Mastering Extended Thinking in Claude: A Complete Guide to Adaptive Reasoning
Learn how to use Claude's extended thinking feature for complex reasoning tasks. Covers adaptive thinking, effort parameters, budget tokens, and practical API examples.
This guide explains how to enable and optimize Claude's extended thinking capability, including adaptive thinking with the effort parameter, manual budget tokens, and best practices for complex reasoning tasks.

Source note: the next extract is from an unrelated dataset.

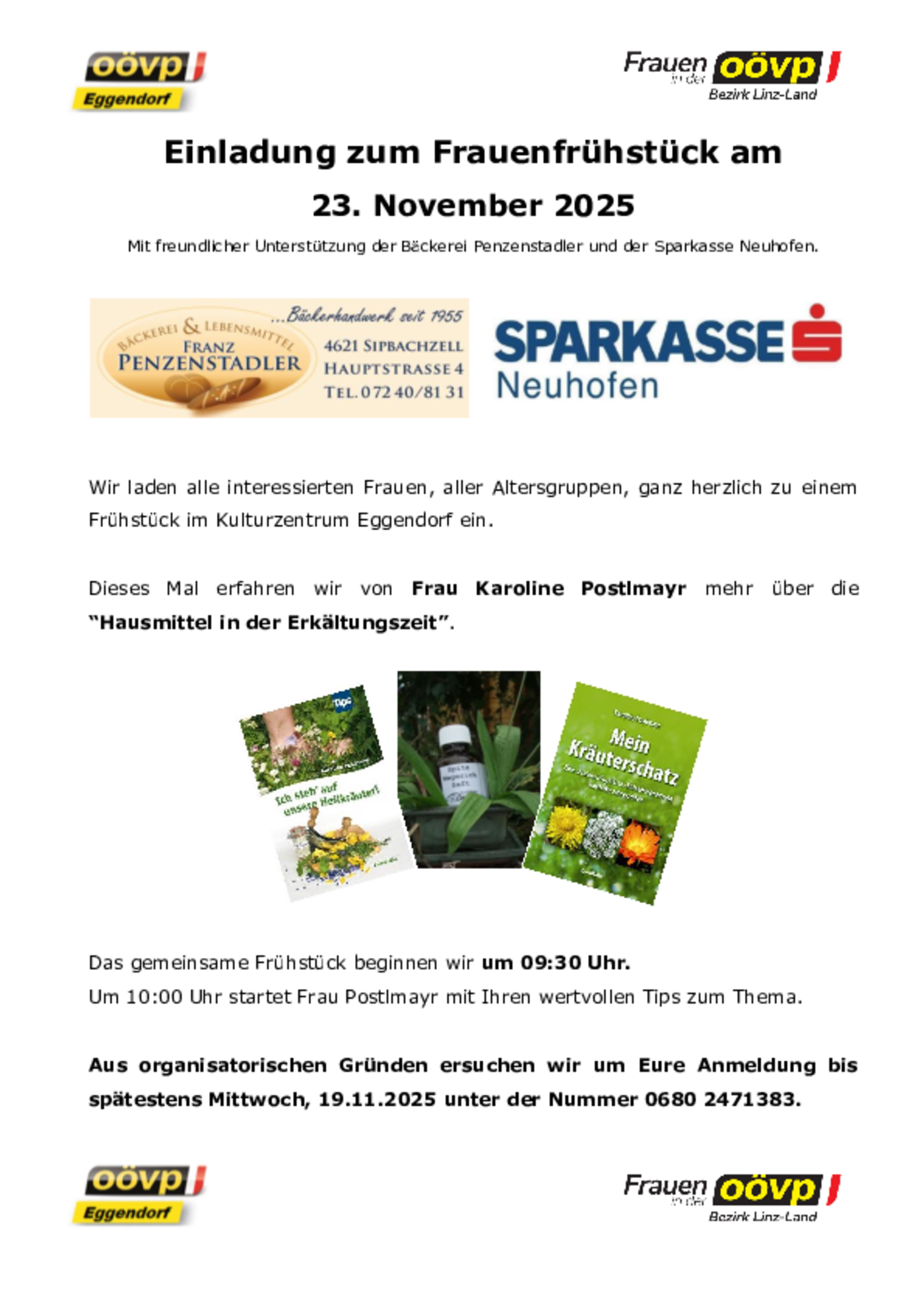 Aus organisatorischen Gründen ersuchen wir um Eure Anmeldung bis spätestens Mittwoch, 19.11.2025 unter 0680/2471383.

Mastering Extended Thinking in Claude: A Complete Guide to Adaptive Reasoning
Claude's extended thinking feature unlocks enhanced reasoning capabilities for complex tasks, giving the model room to "think through" problems step-by-step before delivering a final answer. Whether you're building a research assistant, a code analysis tool, or a multi-step reasoning agent, understanding how to configure and use extended thinking is essential.
This guide covers everything from the basics of enabling extended thinking to advanced configuration with adaptive thinking and effort parameters. You'll learn practical API patterns, model-specific behavior, and best practices to get the most out of Claude's reasoning abilities.
What Is Extended Thinking?
Extended thinking allows Claude to generate internal reasoning content blocks before producing its final response. These thinking blocks contain the model's step-by-step analysis, which it then uses to craft a more accurate and well-reasoned answer.
When extended thinking is enabled, the API response includes one or more thinking content blocks followed by text content blocks. The thinking blocks contain Claude's internal reasoning and a cryptographic signature for verification.
Here's what a typical response looks like:
{
"content": [
{
"type": "thinking",
"thinking": "Let me analyze this step by step...",
"signature": "WaUjzkypQ2mUEVM36O2TxuC06KN8xyfbJwyem2dw3URve/op91XWHOEBLLqIOMfFG/UvLEczmEsUjavL...."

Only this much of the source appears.